It's a phrase we've all heard and is fully worth taking to heart.  After all, life can be pretty mean sometimes.  It'll find every chance to knock you down, take your drive, and render you hopeless and feeling like it's not worth trying.

We've all been there.  I've been there.  Several times.  Each time I spent a while pondering what the heck I'm fighting for.

But lemonade?  I've never cared for it.  I don't care what life gave me.  I want more.

Now to be fair, there are some things that can't be ignored.  Life gave me a bad knee.  I was told I'd grow out of it, but I haven't.  I still think I'd have turned into a pretty good NFL running back, assuming I found the right coaches, which I like to think I would have.  But my knee kept me out of pretty much all sports in high school.

So instead, I got into fencing in college.  Low impact, but VERY analytical.  My teacher called it high speed chess with a three-foot blade.  I wasn't too bad at it actually.  Good enough to go to the Olympics with time and effort?  Probably not, but still, it was good.

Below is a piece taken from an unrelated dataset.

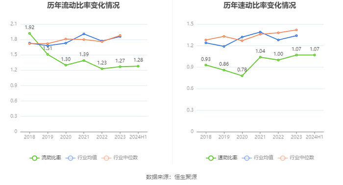 2024年上半年,公司流动比率为1.28,速动比率为1.07。

But long before that, life gave me Dysgraphia.  A learning disability so unknown I had to teach my spellchecker how to spell it.  It's been described as a short circuit in the brain that makes it hard to get thoughts from my head to my hand.  It fits.  There's no such thing as "jotting down" for me, as even a short paragraph can be a ten minute chore.  Simple shopping list?  Heh, not for me it's not.  I can't handle as much stress as you.  My short term memory is bad.  My handwriting is STILL terrible.  By all accounts, I shouldn't be able to write very well.

Oh yeah, did I announce yet that my first novel is going through the early stages of self-publication?

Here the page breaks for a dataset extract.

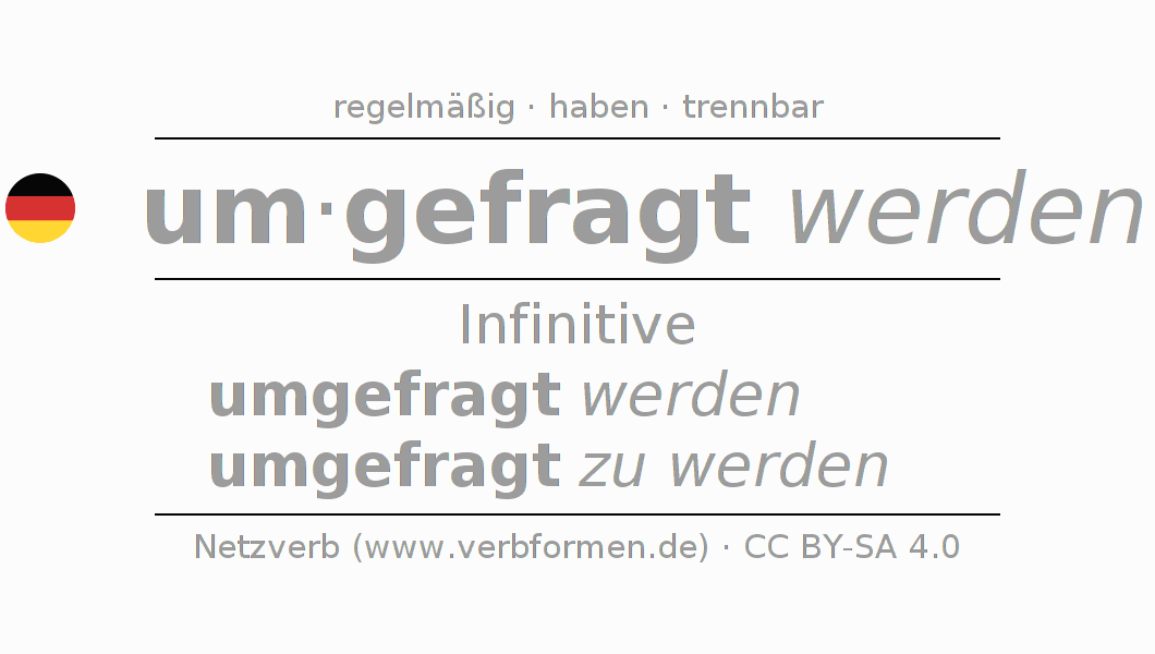 Die Konjugation von umfragen im Infinitiv Präsens Perfekt Grundform Vorgangspassiv ist: umgefragt werden, umgefragt zu werden.Die Bildung dieser Formen entspricht gewissen grammatischen Regeln. So auch die Vorgaben zur Konjugation der einfachen Verbformen von umfragen im Infinitiv. Kommentare ☆

Lemonade?  I'm not settling for that.  And I think too often we're told we should.  People see our weaknesses and say, "hey, find what you can do, and make do with it.  Find the joy in it."  Find joy in being limited?  Why settle?

Now before you jump down my throat, the sentiment is actually good.  If we can't find the joys in what we can do, we'll be miserable forever.   But I heard about a young girl who is legally blind, and another fellow who lost both legs below the knee.  Life gave them a ton of lemons.

That girl has earned medals in state gymnastics championships.  And the guy?  You probably heard of him.  He ran in a couple of track and field events in the last summer Olympics.  No, not the special Olympics.  The regular one!  Against people without limitations!

We can settle for what we're given, and there are times where we really should.  With my knee I don't dare go out for football.  One wrong hit or plant, and I'd probably ruin it forever.  But I'm a fiction writer with Dysgraphia.  I've never let anything stop me from doing what I want to do with my life.  9/11 taught me that.  I've taken life by the horns and made it work for me.  I don't care what it throws at me, nor should you.  We shouldn't ever let limitations stop us from achieving what we want to do with our lives.  It's like a phrase I saw on an online forum board.  I'd give credit if I knew who said it first, but I've never forgotten it.

"When life gives you lemons, throw them back in its face and demand chocolate."

That legally blind gymnast, that double amputee track runner, that writer with Dysgraphia, we were all given lemons.

We all demanded chocolate.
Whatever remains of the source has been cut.